(SOURCE DATA begins)
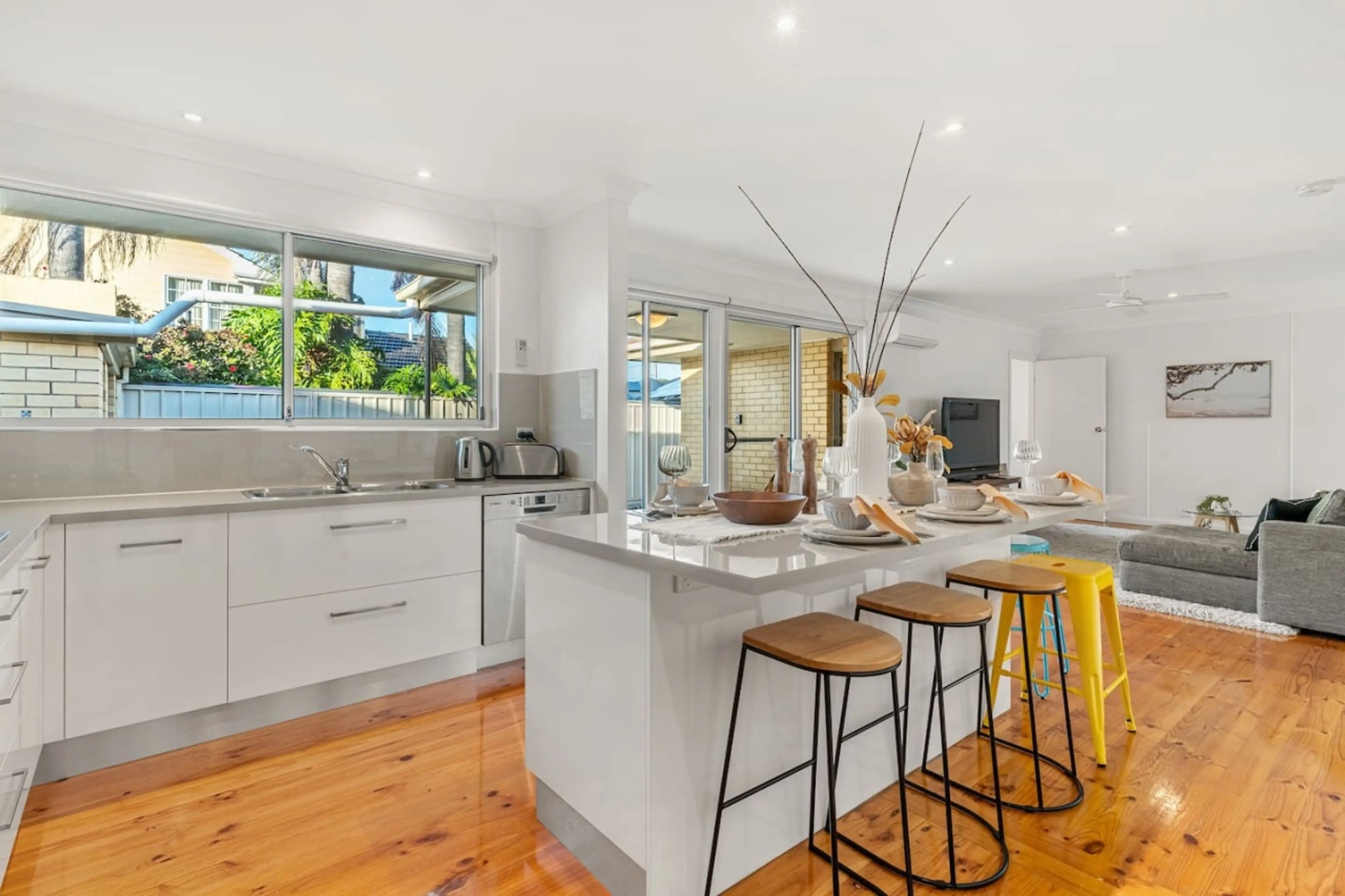 Light-filled interiors and relaxed coastal tones create an easygoing base just moments from the shoreline. The living area invites you to settle in after a day at the beach, with a comfortable chaise lounge positioned around the Smart TV for relaxed evenings indoors. Ceiling fans and split-system ai...
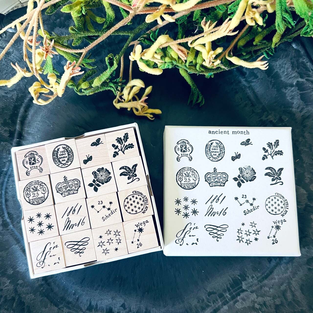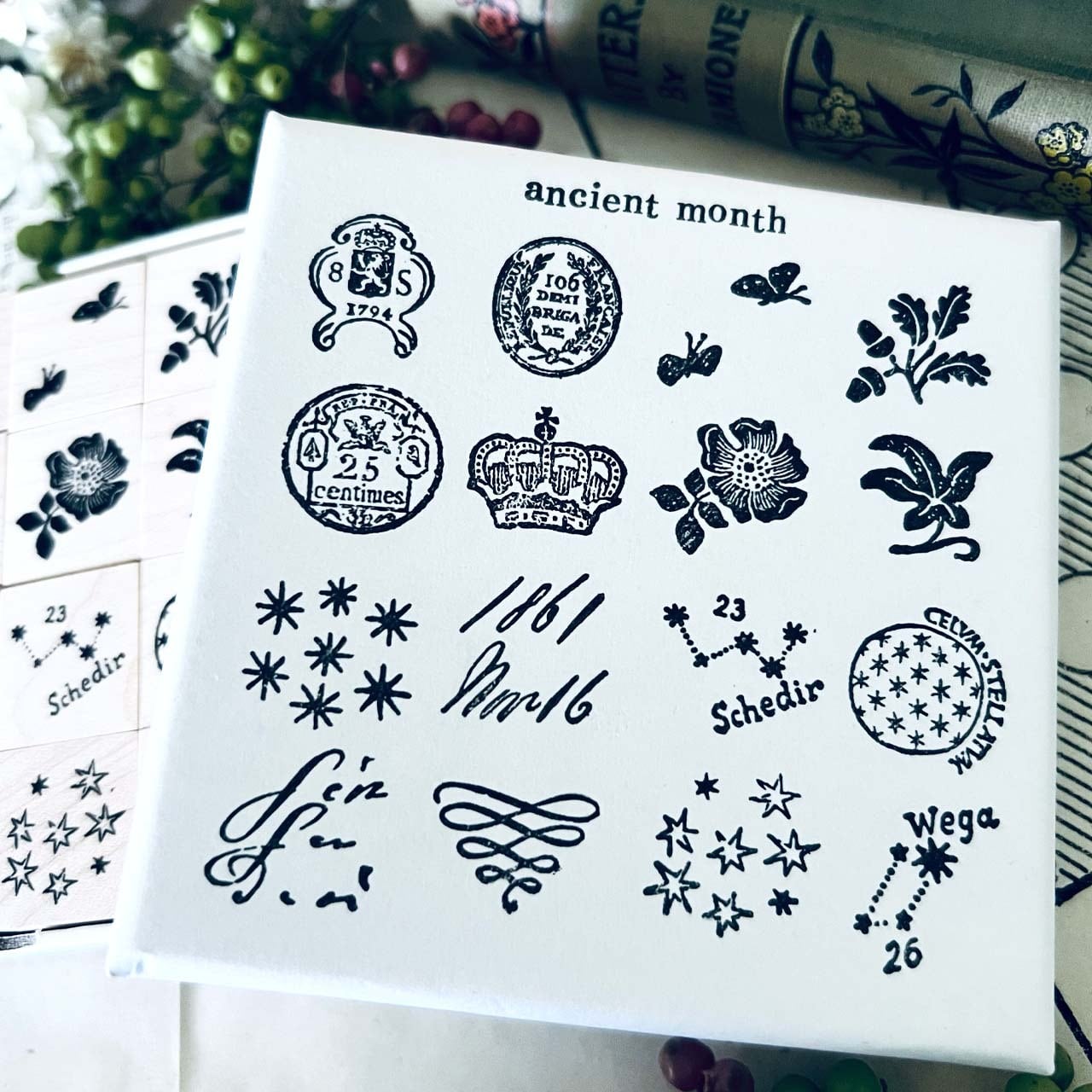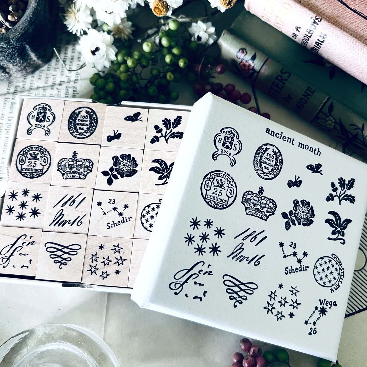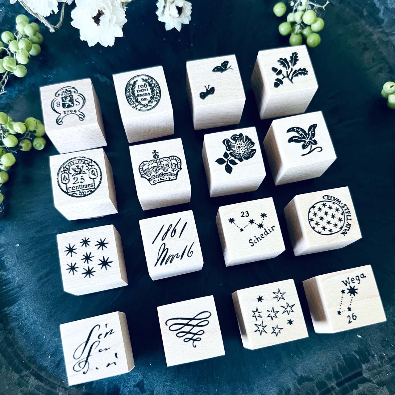 18世紀から19世紀にかけての飾り模様、手記、小説、公文書などから制作した当店オリジナルのスタンプです。
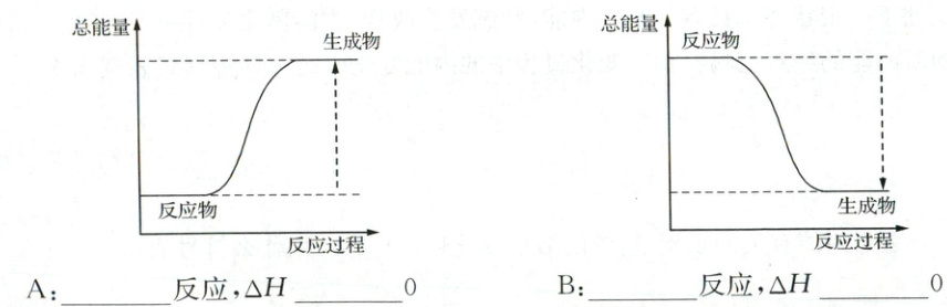 1 在化学反应过程中,当反应物和生成物具有相同温度时,吸收或释放的热称为化学反应的热效应,也称反应热。在恒压条件下,化学反应中吸收或释放的热为反应的焓变。焓变的单位常采用$ kJ/mol$。2 一个化学反应是吸收能量还是释放能量,取决于反应物总能量和生成物总能量之间的相对大小。若反应物的总能量小于生成物的总能量,则反应过程中吸收能量;若反应物的总能量大于生成物的总能量,则反应过程中释放能量。化学反应中的能量变化通常以热等形式表现出来。吸收热的反应称为吸热反应,其$\Delta H>0$;放出热的反应称为放热反应,其$\Delta H<0$。3 吸热 $>$ 放热 $<$ 4
(SOURCE DATA ends)
> [TASK REQUIREMENTS]:
All of the material above is to be copied exactly, except for its images.

> [ANSWER TO THIS TASK]:
 Light-filled interiors and relaxed coastal tones create an easygoing base just moments from the shoreline. The living area invites you to settle in after a day at the beach, with a comfortable chaise lounge positioned around the Smart TV for relaxed evenings indoors. Ceiling fans and split-system ai...
 18世紀から19世紀にかけての飾り模様、手記、小説、公文書などから制作した当店オリジナルのスタンプです。
 1 在化学反应过程中,当反应物和生成物具有相同温度时,吸收或释放的热称为化学反应的热效应,也称反应热。在恒压条件下,化学反应中吸收或释放的热为反应的焓变。焓变的单位常采用$ kJ/mol$。2 一个化学反应是吸收能量还是释放能量,取决于反应物总能量和生成物总能量之间的相对大小。若反应物的总能量小于生成物的总能量,则反应过程中吸收能量;若反应物的总能量大于生成物的总能量,则反应过程中释放能量。化学反应中的能量变化通常以热等形式表现出来。吸收热的反应称为吸热反应,其$\Delta H>0$;放出热的反应称为放热反应,其$\Delta H<0$。3 吸热 $>$ 放热 $<$ 4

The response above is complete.